- Data shown:
****************
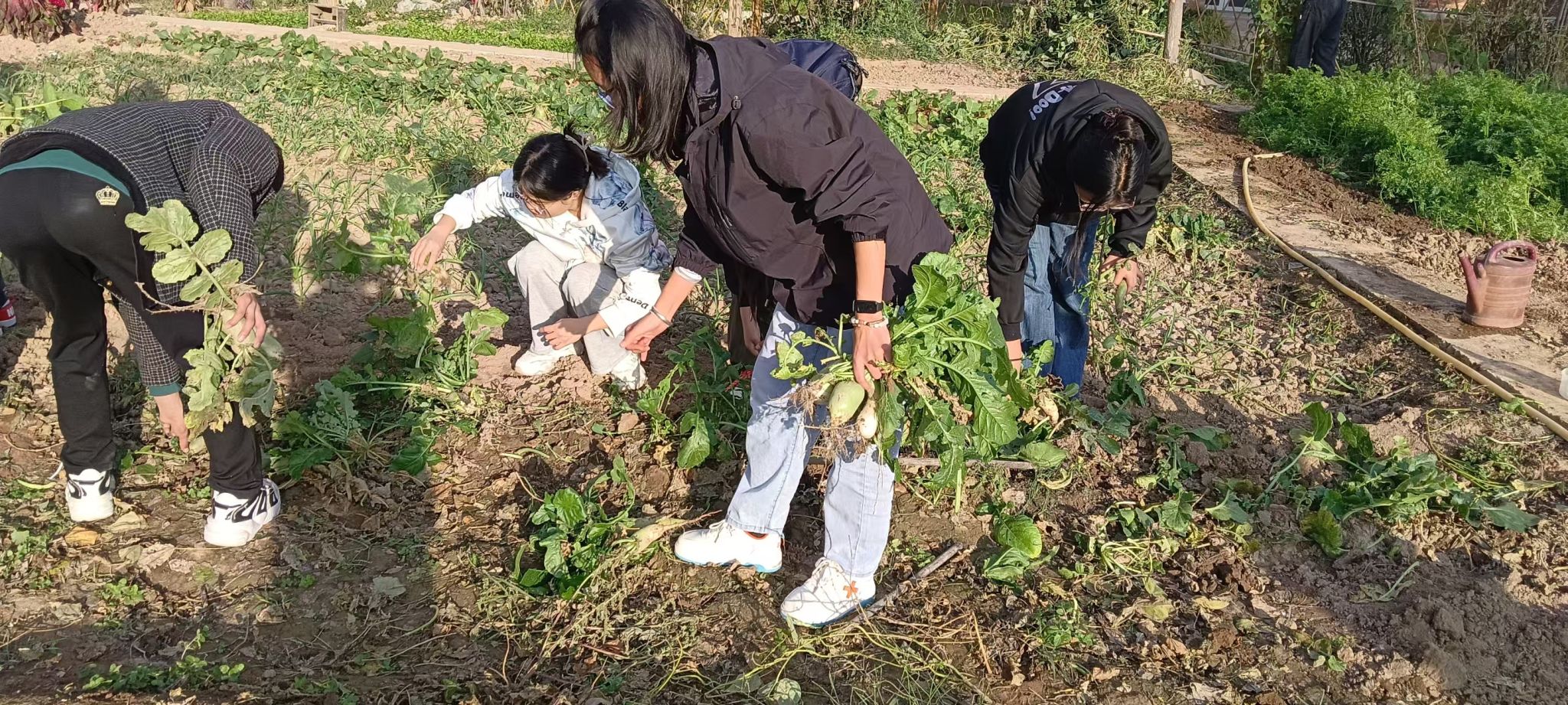 在随后的劳动实践中,老师带领同学们一起拔萝卜、除草、清理垃圾、翻整土地、播撒化肥和蔬菜种子。耕种小园的师傅在现场教大家怎样犁地、翻地、施肥、播种、浇水,怎样辨识不同的蔬菜,怎样使用各种农具。很多与劳动久违的同学在劳动过程中真切体会到了劳动的辛苦和播种的喜悦。“谁知盘中餐,粒粒皆辛苦”。各民族员工在共同劳动中更加体会到了在中华民族大家庭中各民族兄弟姐妹平等相待,团结互助,一起劳动为创造幸福生活而共同努力的深刻意义。虽然汗水浸湿了衣衫,但是大家在劳动中享受着快乐,都期待今天的播种明天就能发芽、生长,长出青翠甘甜的蔬菜。
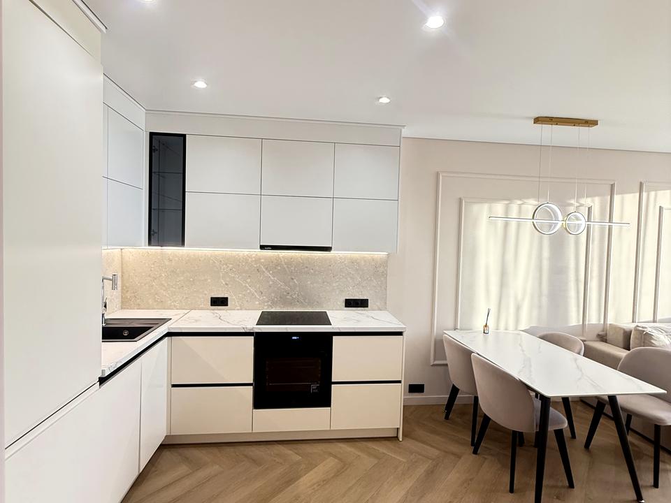 Укомплектована меблями та технікою: посудомийна машина, холодильник, варильна поверхня, духова шафа, телевізор, бойлер, пральна машина автомат, кондиціонер тільки в кухні-студії.
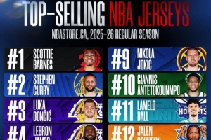 NBA官方曬出2025-26賽季加拿大球衣銷量TOP15的球星,具體如下:
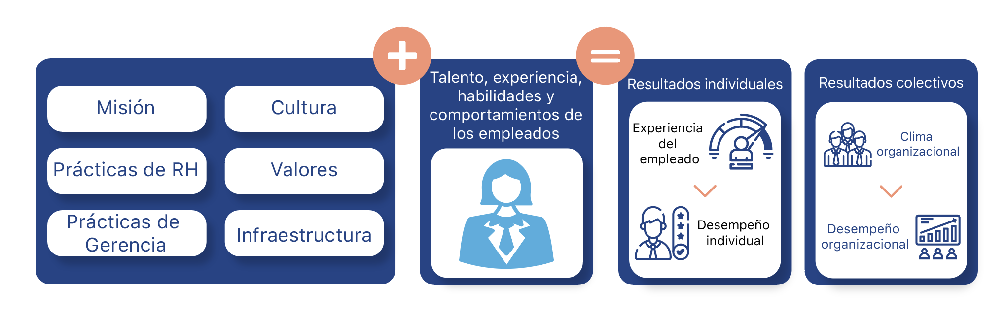 Todo lo que una organización ofrece a cambio del tiempo, conocimiento y esfuerzo de sus empleados. Incluye prácticas de recursos humanos, comportamientos de liderazgo, cultura organizacional e interacciones entre colegas. - Experiencia del Empleado (EX):
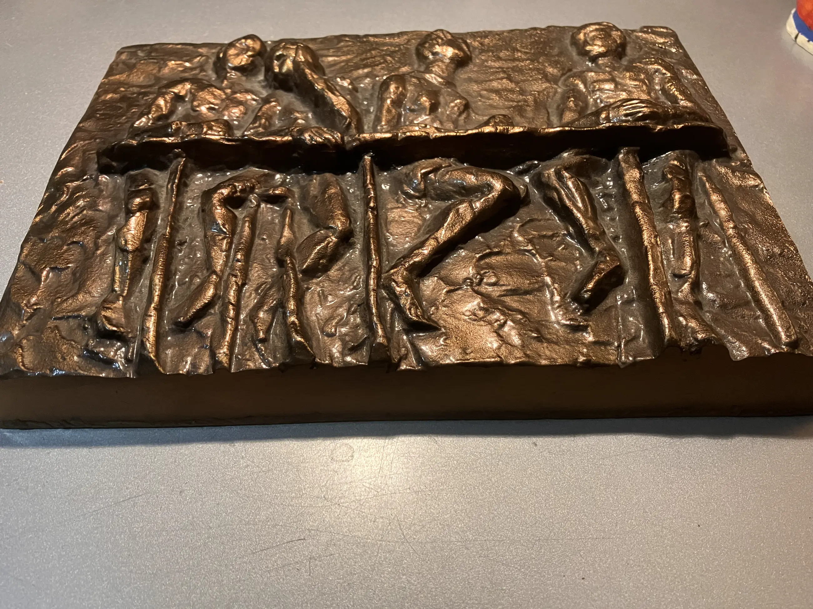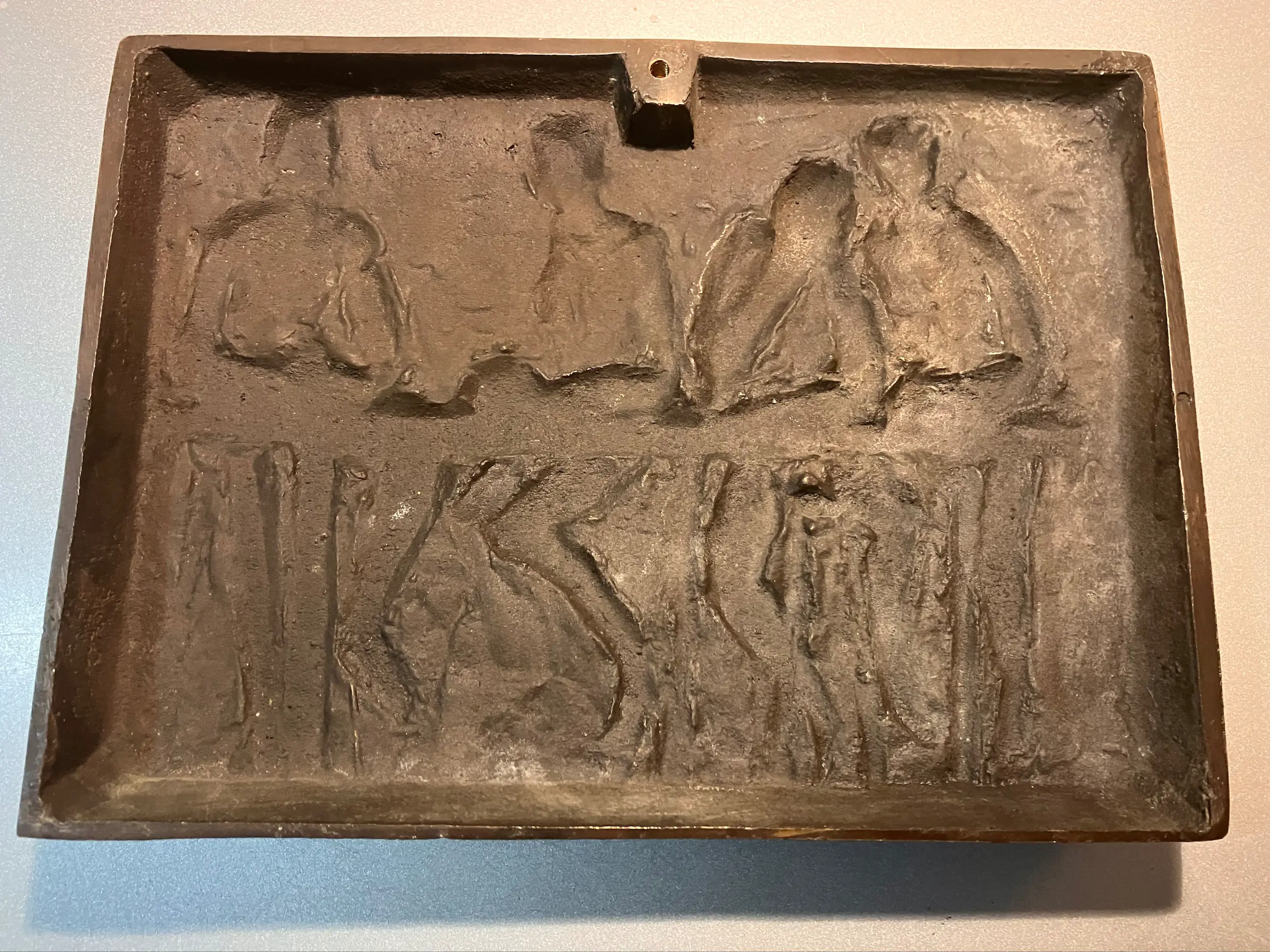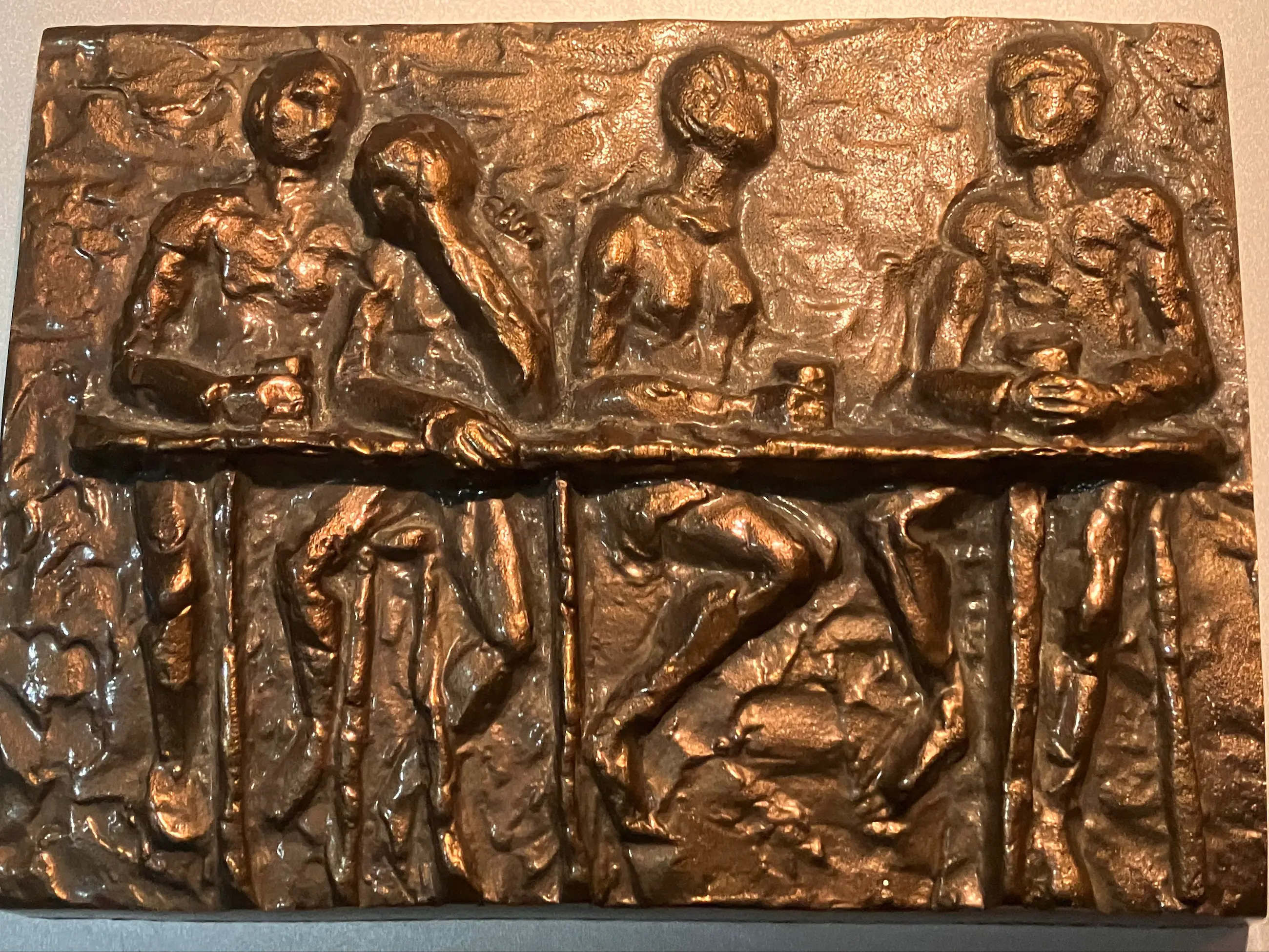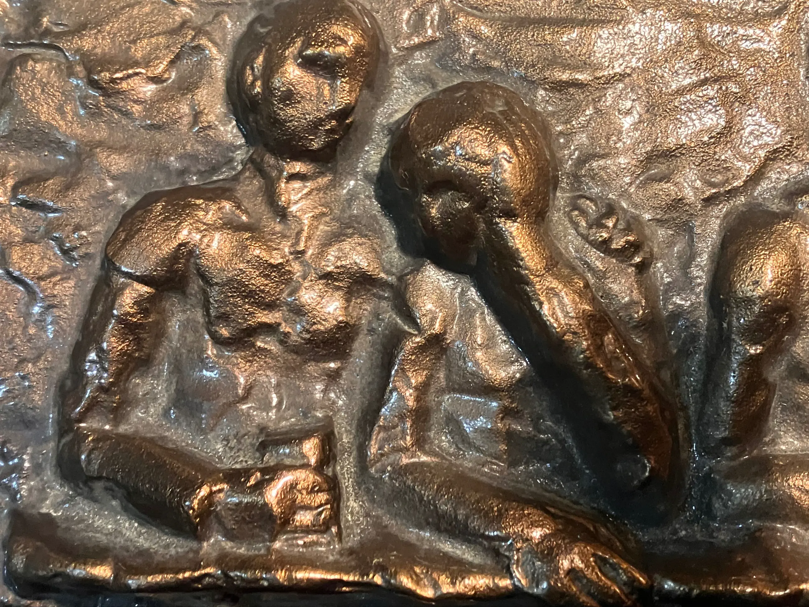 Zwaar Brons Wandtableau met cafegasten. Modern hedendaags tafereel
****************
- The problem:
Copy the records exactly as they appear, leaving every picture out.

- Answer to this exercise:
 在随后的劳动实践中,老师带领同学们一起拔萝卜、除草、清理垃圾、翻整土地、播撒化肥和蔬菜种子。耕种小园的师傅在现场教大家怎样犁地、翻地、施肥、播种、浇水,怎样辨识不同的蔬菜,怎样使用各种农具。很多与劳动久违的同学在劳动过程中真切体会到了劳动的辛苦和播种的喜悦。“谁知盘中餐,粒粒皆辛苦”。各民族员工在共同劳动中更加体会到了在中华民族大家庭中各民族兄弟姐妹平等相待,团结互助,一起劳动为创造幸福生活而共同努力的深刻意义。虽然汗水浸湿了衣衫,但是大家在劳动中享受着快乐,都期待今天的播种明天就能发芽、生长,长出青翠甘甜的蔬菜。
 Укомплектована меблями та технікою: посудомийна машина, холодильник, варильна поверхня, духова шафа, телевізор, бойлер, пральна машина автомат, кондиціонер тільки в кухні-студії.
 NBA官方曬出2025-26賽季加拿大球衣銷量TOP15的球星,具體如下:
 Todo lo que una organización ofrece a cambio del tiempo, conocimiento y esfuerzo de sus empleados. Incluye prácticas de recursos humanos, comportamientos de liderazgo, cultura organizacional e interacciones entre colegas. - Experiencia del Empleado (EX):
 Zwaar Brons Wandtableau met cafegasten. Modern hedendaags tafereel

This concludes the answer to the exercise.